Vancouver, Canada–(Newsfile Corp. – December 22, 2025) – Turnium Technology Group Inc. (TSXV: TTGI) (FSE: E48) (“TTGI” or the “Company”), a global Technology-as-a-Service (TaaS) wholesale provider, is pleased to announce a proposed offering (the “Offering”) of units of the Company for aggregate gross proceeds of up to $4,650,000, with each unit (a “Unit”) having a price of $1,000 per Unit and consisting of: (i) one secured, non-convertible debenture in the principal amount of $1,000 (a summary of the terms and conditions described below, each “Debenture”) and (ii) 4,000 share purchase warrants (each a “Warrant”). Each Warrant will be non-transferable and entitle the holder thereof to purchase one (1) common share of the Company (each, a “Common Share”) with an exercise price of $0.10 per Common Share for a period of 36 months from the date of issuance, subject to the provisions for earlier termination outlined below and the Warrant certificates (the “Maturity Date”).
The Offering is subject to certain conditions including, but not limited to, the receipt of all necessary approvals, including the conditional approval of the TSX Venture Exchange (the “TSXV”).
The Company anticipates using the proceeds of the Offering as follows:
Repay Existing Secured Loans
$
593,120
Proposed Insentra Acquisition (see below) – Upfront Payment
$
2,000,000
Insentra Audit
$
50,000
Legal costs – Turnium
$
475,000
Accounts Payable
$
440,000
Fiscal Year 2025 Audit
$
150,000
Sales & Marketing
$
100,000
Research and Development
$
100,000
Alto Capital – Finder’s Fee
$
120,000
General Working Capital
$
621,880
$2,000,000 of the Offering, which is anticipated to be used for the proposed Insentra Acquisition (see above and below for an update), is conditional upon each investor in the Offering: (i) acknowledging that the proposed Insentra Acquisition is subject to approval by the TSXV and (ii) is willing to advance the funds intended for the proposed Insentra Acquisition prior to the approval of the TSXV of the proposed Insentra Acquisition, even though such TSXV approval is not guaranteed in the circumstances. See below for “Update on the Proposed Insentra Acquisition.”

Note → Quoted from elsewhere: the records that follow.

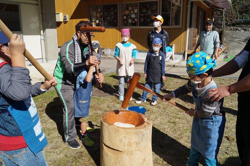 11月5日(日)の参観日は、保育園と小学校合同の駅伝大会と餅つきでした。
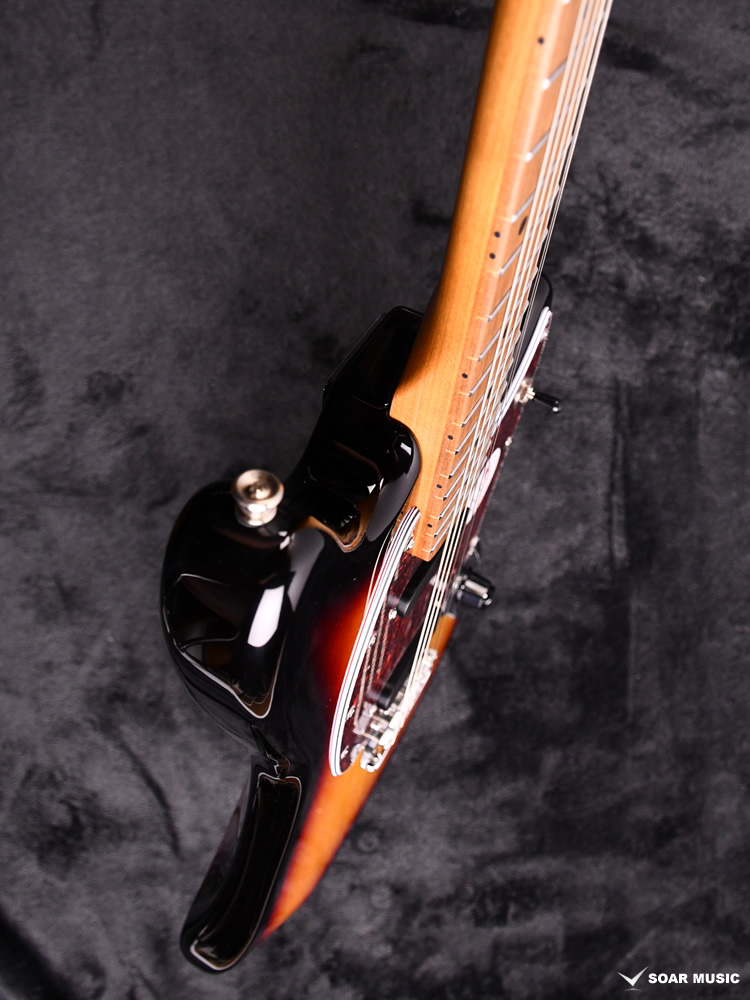 ネックにローステッドメイプルを使用したSSHレイアウトのモデル。 ピックガードやノブにミントカラーのパーツを採用し、オールドギターの風格を漂わせるルックスに仕上げました。 SSHピックアップレイアウトで粒立ちの整ったクリーントーンから、パワーあるオーバードライブサウンドまでジャンルを問わず幅広く音作りをすることができます。更にコイルタップスイッチを搭載し、リアハムはシングルピックアップの様なきらびやかなサウンドを出力します。
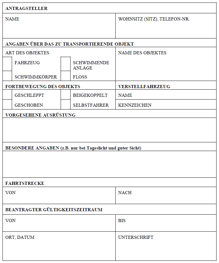 Länge, Breite, Höhe, Tiefgang und Geschwindigkeit der Fahrzeuge, Verbände und Schwimmkörper müssen den Gegebenheiten der Wasserstraße und ihrer Anlagen angepasst sein. In Österreich haben Fahrzeuge, die auf Grund ihres Tiefgangs nicht die gesamte gekennzeichnete Fahrwasserbreite nutzen können, die durch Binnenschifffahrtsinformationsdienste auf www.doris.bmk.gv.at bekannt gegebenen Fahrwassertiefen im Rahmen der allgemeinen Sorgfaltspflicht und insbesondere bei der Planung und Kommunikation des Begegnens und Überholens zu berücksichtigen.
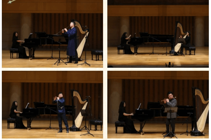 音樂(lè)會(huì)上,演奏家們通過(guò)簫與豎琴、笛與鋼琴、笛與豎琴、豎琴與鋼琴等多種形式的結(jié)合,精彩演繹了《相逢》《頂嘴》《山村迎親人》《秋江夜泊》《嘯月》《格拉納達(dá)小夜曲》等作品。這些曲目涵蓋了傳統(tǒng)曲目與現(xiàn)代創(chuàng)作作品,從中國(guó)作品到西洋作品,為觀眾帶來(lái)了一場(chǎng)跨越時(shí)空的絕美體驗(yàn)。
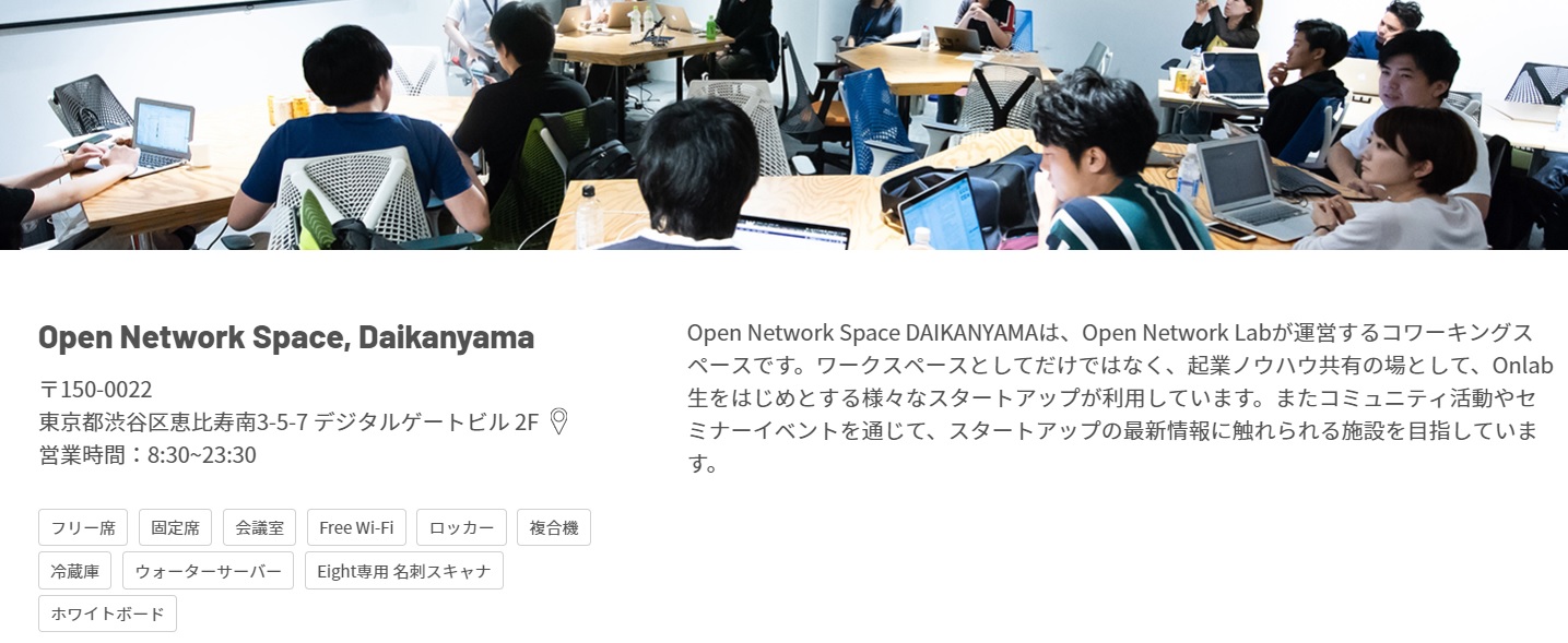 シェアオフィス・バーチャルオフィス@東京都千代田区|ナレッジソサエティ > コワーキングスペース東京(opennetworkspacedaikanyama)
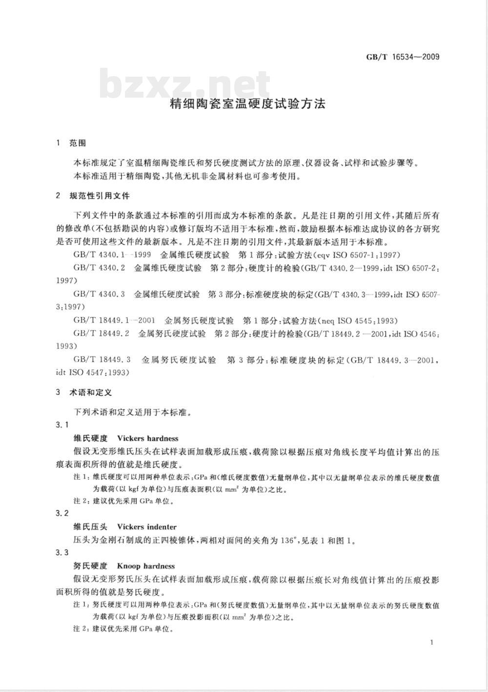 - GB/T 16534-2009 精细陶瓷室温硬度试验方法
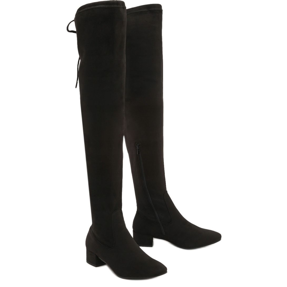 Les bottes Vices T113-1 Black sont le choix parfait pour les femmes qui apprécient l'élégance et le confort. Ces mousquetaires au-dessus du genou uniques, fabriqués en éco-daim de couleur noir profond, correspondent parfaitement aux dernières tendances de la mode. Grâce au talon bas de 5 cm de haut, ces chaussures assurent un confort de port toute la journée, même pour les femmes qui préfèrent éviter les talons hauts.
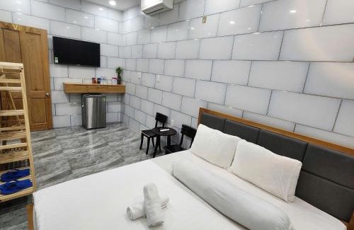 Located in Vung Tau, 1.3 miles from Back Beach, Hotel & Homestay LABUBU provides accommodations with a garden, free private parking, a shared lounge and a bar. Featuring room service, this property also provides guests with a playground. The property has a 24-hour front desk, airport transportation, a shared kitchen and free WiFi throughout the property. Guest rooms are equipped with air conditioning, a flat-screen TV with satellite channels, a fridge, a coffee machine, a bidet, free toiletries and a desk. Featuring a private bathroom with a shower and a hairdryer, certain rooms at the love hotel also offer a city view. Guest rooms will provide guests with a closet and an electric tea pot. Hotel & Homestay LABUBU has a grill. You can play darts at the accommodation, and bike rental and car rental are available. Christ of Vung Tau is 0.9 miles from Hotel & Homestay LABUBU, while Nghinh Phong Cape is 1.5 miles away. Tan Son Nhat International Airport is 63 miles from the property.

The Debentures will be non-convertible but a secured obligation of the Company by a first ranking security secured against its assets (other than the assets of its Tenacious Networks Inc.) pursuant to a general security agreement. Interest on the principal amount outstanding under each Debenture shall be at the rate of sixteen percent (16%) per annum, calculated as simple interest: (i) accrued on an annual basis and paid monthly, in arrears, commencing on the issuance of this Debenture up to and including the twenty-fourth (24th) month after issuance of the Debenture and (ii) accrued on an monthly basis for the outstanding principal amount and paid monthly, in arrears, commencing on the last day of the twenty-fifth (25th) month after issuance and continuing for each last day of the month for the next eleven (11) months, ending on the Maturity Date.